Критерий временных, пространственных или любых других пределов научно-художественного воображения достаточно широк. Он обусловлен, в частности, видом фантазии. Писатель может останавливаться на почти реалистическом изображении тенденций сегодняшнего дня, но тогда он не должен создавать видимость, будто это и есть предел мечты, и он может улететь в сказочную даль, но тогда читатель должен понимать, что перед ним мечта-сказка.

Правда, творчески мыслящий художник может найти некоторые существенные черты коммунистического будущего в нашей социалистической действительности. В отдаленности и детализации фантазии его лимитирует в основном собственный талант, личная способность обобщить представления современников о своем завтра.

Желание общества увидеть облик своего завтрашнего дня неодинаково в разные периоды, но всегда соразмерно потребности развития — она и задает тон мечте. И когда народ хочет заглянуть в свое будущее не только через 10-15 лет, из каких соображений, кроме догматической нетерпимости, можно противопоставлять фантастику дальнюю — ближней?

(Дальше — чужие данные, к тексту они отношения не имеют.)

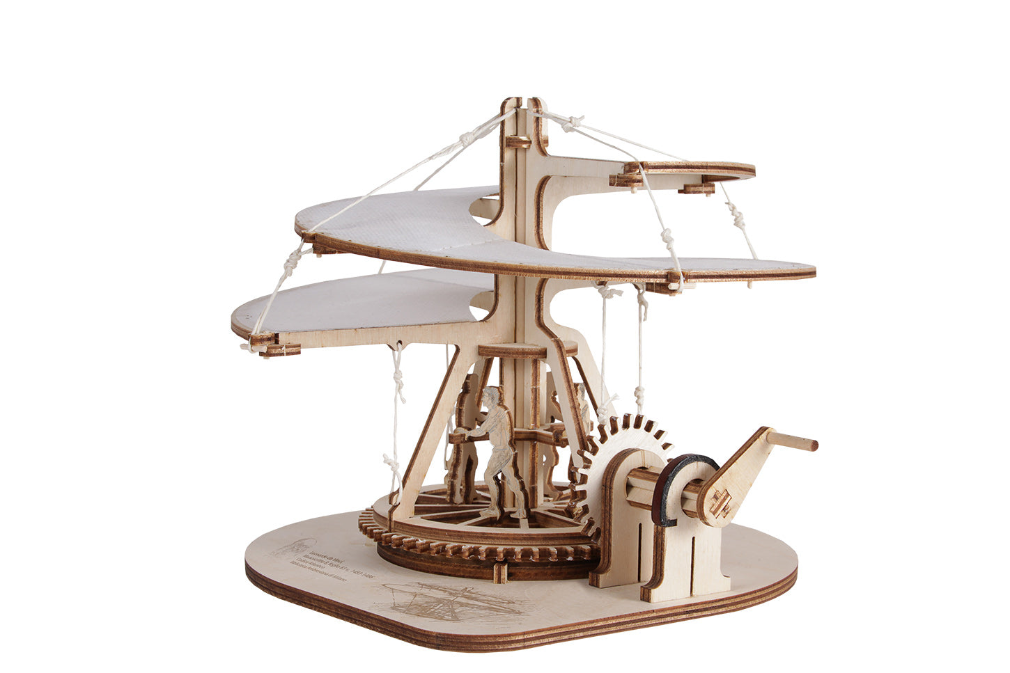 Wooden model inspired by Leonardo's machine drawings supplied in an assembly box with instructions in Italian and English. Measurements of assembled model: 22x22 cm h 17 cm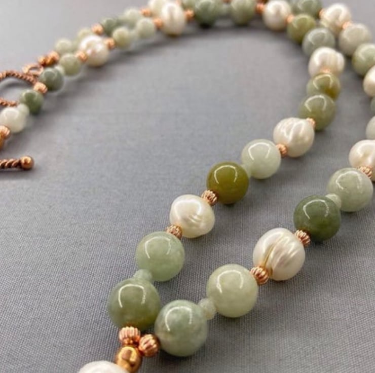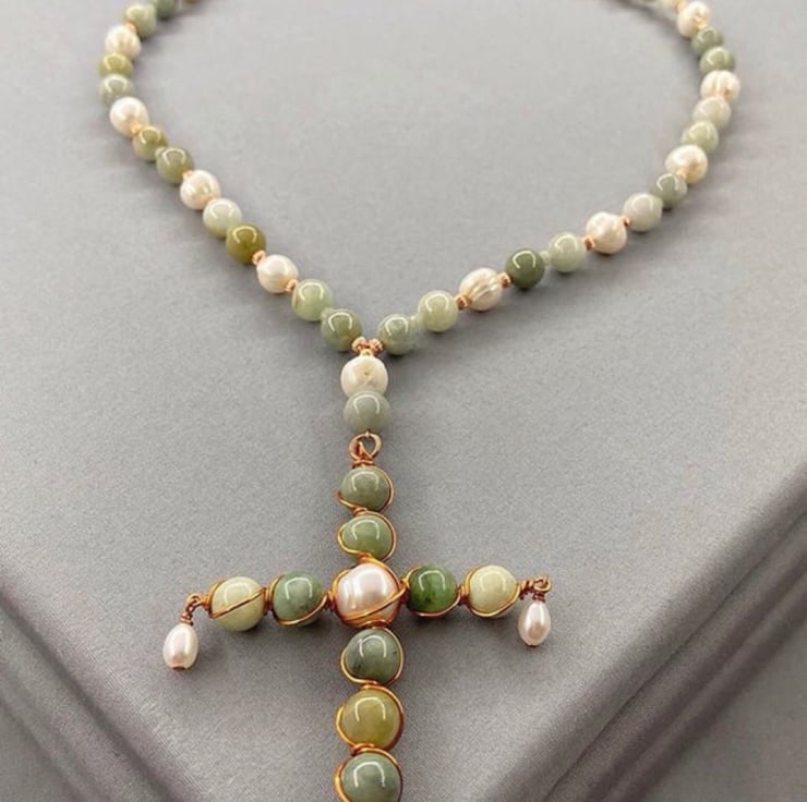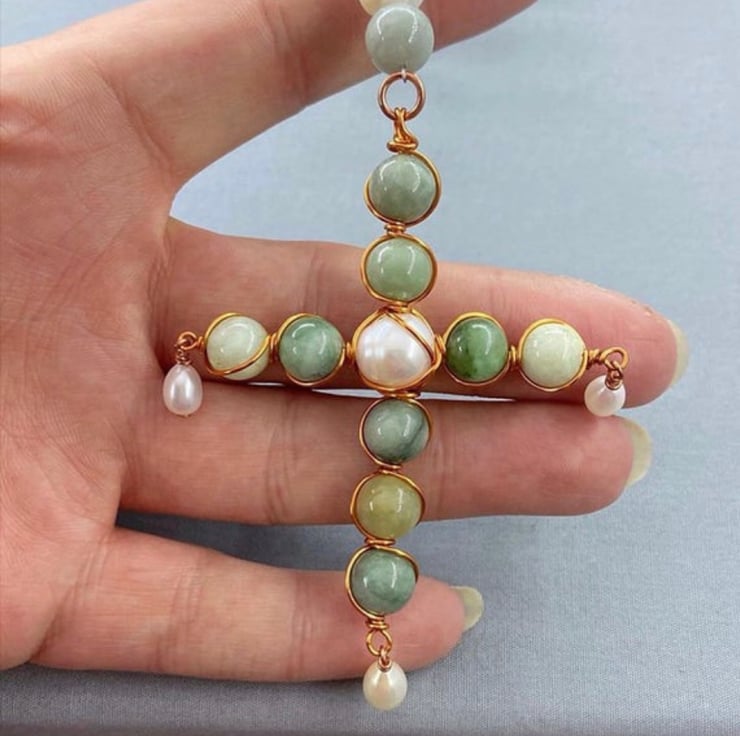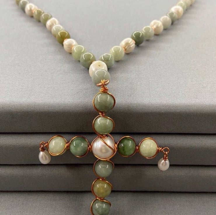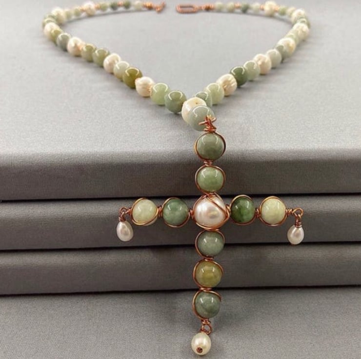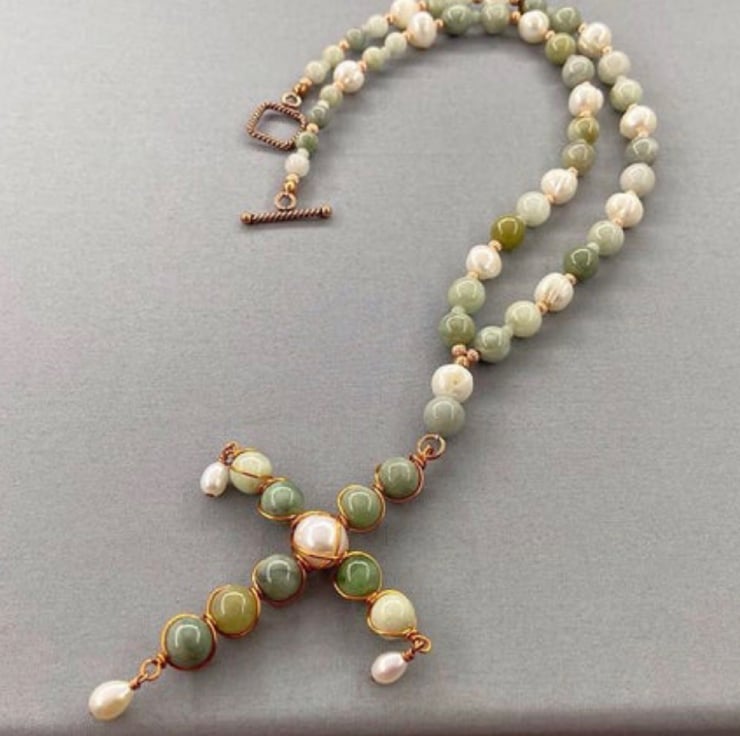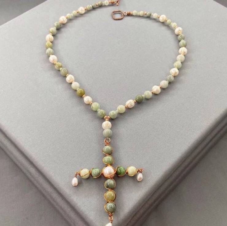 A beautiful delicately coloured cross necklace wire wrapped with copper wire and featuring the soft green hues of Burmese Jadeite with accenting ivory cultured pearls with ribbed copper spacer beads and copper clasp.

Что касается ближайшего будущего, то практика показала, что здесь не требуется сюжетной художественной фантастики. С задачей ближайшего прогнозирования едва ли не лучше справляется научно-художественный очерк. Неплохие образцы этого жанра дали В.Захарченко в «Путешествии в завтра» (1952), Б.Ляпунов в книге «Мечте навстречу» (1957), М.Васильев и С.Гущев в «Репортаже из XXI века» (1957), Г.Добров и А.Голян-Никольский в «Веке великих надежд» (1964), И.Лада и О.Писаржевский в «Контурах грядущего» (1965). Такая фантастика может быть художественной по форме, а по методу относится к конкретной прогностике, недавно оформившейся в научную дисциплину.

В художественной же литературе принцип «на грани возможного» привел к довольно скучноватому описательству открытий и изобретений, которые с большой натяжкой можно было назвать фантастическими. И, даже когда на книгу бывал спрос, «почти всегда, по отзывам библиотечных работников, читательское мнение формулировалось так: — Книжка интересная. Только почему она называется научно-фантастической?».[254]

Речь шла о книге Охотникова «Первые дерзания» (1953). Автор, крупный инженер, сумел увлекательно рассказать, как пытливые ребята ремесленники делают первые шаги от неуверенных рационализаторских начинаний к серьезному изобретательству. Но лишь в конце повести они принимаются за свою «звукокопательную» машину, в действительности еще не существующую. А на последней странице взрослые признают, что модель — «весьма примитивная и несовершенная». Фантастики не получилось. Первые дерзания остановились у порога. В сборнике рассказов Охотникова «История одного взрыва» (1953) читатель, интересующийся прикладной физикой, тоже находил пищу своей любознательности, но не воображению.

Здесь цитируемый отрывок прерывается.